Angels and Demons?

30 August 2012

ANGELS and DEMONS?

Welcome again to the Krung Thep, the city of angels. ECO hopes that this location will inspire delegates to put aside their devilish disagreements and instead move forward in a spirit of angelic cooperation in the fight against climate change and its deadly impacts. The recent flooding in Manila, the typhoon coming ashore near Shanghai and widespread drought and crop failures in the U.S.A. are stark reminders that the impacts of climate change are real, global and growing.

The large majority of countries, especially the poorest and most vulnerable, are demanding a global response that has a very high probability of limiting global warming to levels that do not threaten their livelihoods and their very existence. The best available science indicates that this will require global emissions to remain within a strict carbon budget – and a collective and rapid transition to a low carbon global economy.  It requires both an ambitious post-2020 treaty regime and much greater ambition between now and 2020 – the two-track approach agreed in Durban.

Success in the negotiations towards a fair, ambitious and legally binding deal by 2015 depends on bridging one of the fundamental divides in these talks. On the one side, we have those countries that want a scientifically responsive and responsible, rules-based system. On the other side, there are those that don’t want too many questions asked about their failure to act. (Of course, at least one of these countries doesn’t put it exactly this way, and calls for a more “flexible” approach.)

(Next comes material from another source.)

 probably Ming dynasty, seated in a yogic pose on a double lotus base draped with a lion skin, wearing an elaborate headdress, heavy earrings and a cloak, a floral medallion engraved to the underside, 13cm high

To meet the global climate challenge, the new ADP architecture for the post 2020 period must be viable for the long term, with a negotiated renewal of targets and actions every five years. It must also be dynamic, with respective changes in responsibility and capability fairly reflected in each renewal of the framework. It must further ensure that countries are accountable for doing what they agreed to do in both mitigation and in providing and effectively utilising support, with common accounting rules and a common, but differentiated, MRV system to allow transparent reporting of progress and to spotlight freeloaders. ECO notes that these are exactly the design elements that so many have fought hard to uphold in the Kyoto Protocol.

Against this fair, ambitious and legally binding deal are just a few countries. For these countries, fairness is finger pointing, ambition is for others and legally binding is too much of a bind.  If their lack of political will causes the world to blow past the 2 degrees Celsius target that their leaders have endorsed, well, that’s just too bad.

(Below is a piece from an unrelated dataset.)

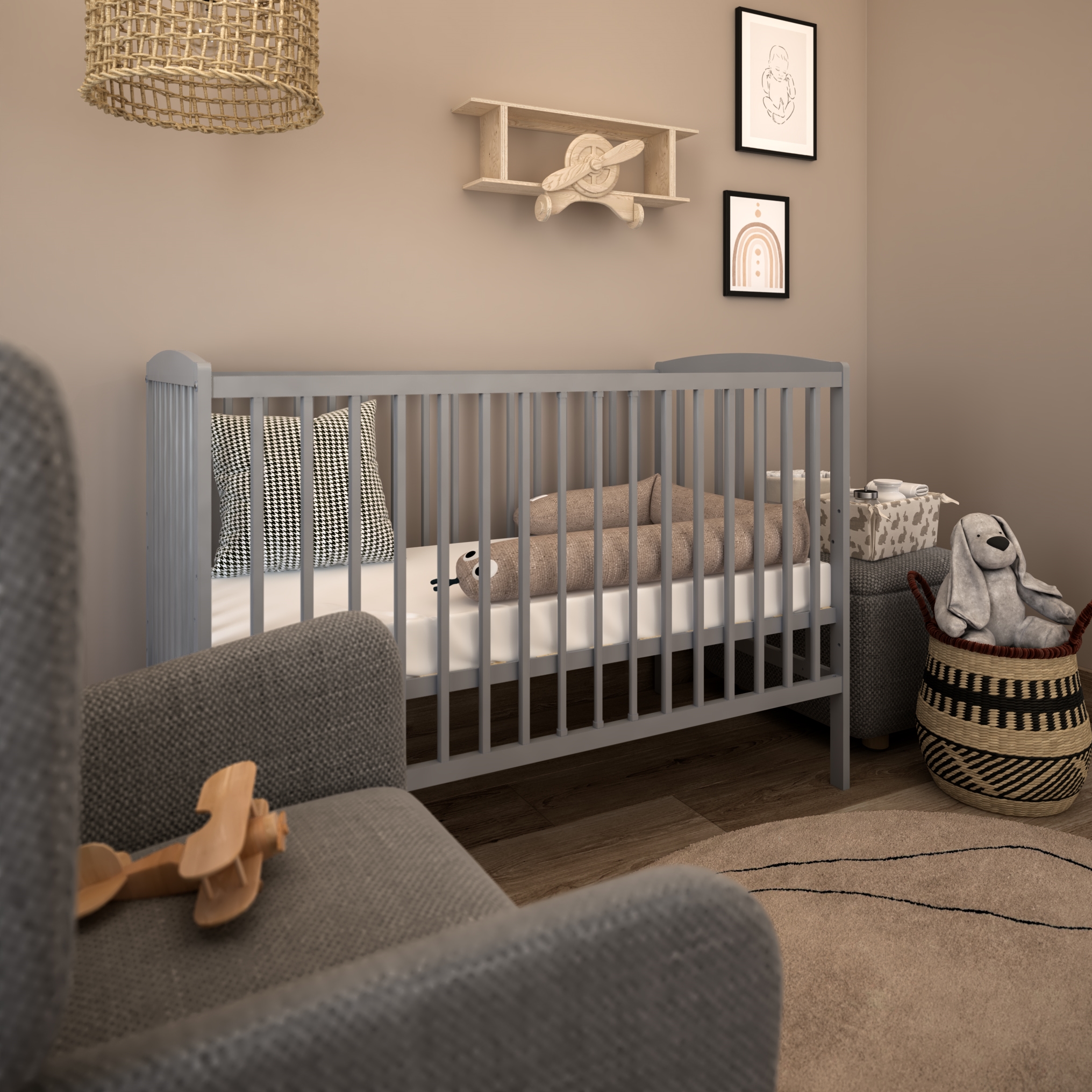 Łóżeczko niemowlęce BASIC 120x60 w kolorze szarym lub naturalnym to solidne, bezpieczne i funkcjonalne łóżeczko drewniane z regulacją wysokości leżyska oraz trzema wyciąganymi szczebelkami. Spełnienie normy EN 716-1, atestowane lakiery wodne oraz przemyślana konstrukcja czynią z niego trwały i bezpieczny wybór do pokoju niemowlęcia.

So what do negotiators at Bangkok need to work towards to receive their halos?  At COP18 in Doha, the world needs to see:

·       A Doha amendment for a second commitment period of the Kyoto Protocol applying immediately to a range of developed countries, including Australia and New Zealand; this should include targets within the range of 25-40% below 1990 levels, with an adjustment procedure to increase ambition, and should enhance environmental integrity by minimizing carried over AAUs and improving CDM and JI rules to lead to real emission reductions.

·       Non-Kyoto developed countries adopting stringent QEROs, comparable in effort and transparency with Kyoto Parties. ‘Comparability’ requires common accounting!

·       Developing countries registering their mitigation actions and required support, and all developing countries to make pledges – including Qatar.

·       Agreement that global emissions will peak in 2015, which means that developed countries need  to reduce their emissions much more quickly, and provide support for developing countries to take more mitigation action.

·       Agreement on a detailed work plan for the ADP, both on the 2015 legally binding agreement and on ways to substantially raise pre-2020 ambition.

·       Commitment to at least $10-15 billion in new public finance for the Green Climate Fund over 2013-2015, together with meaningful steps to develop innovative sources of public financing and agree on a process to reassess the adequacy of financial pledges with the first reassessment in 2013.

·       Funding modalities for National Adaptation Plans in order to scale-up work immediately, and establishment of a second phase of the work program for loss & damage.

·       The rapid operationalisation of the GCF, the Standing Committee, the NAMA registry, the Adaptation Committee, the Technology Executive Committee and the Climate Technology Centre and Network

Laying the foundations for these successes in Doha means that this will be a busy week in Bangkok! As we all know, the devil is in the details. So, where better to get started than in the city of angels?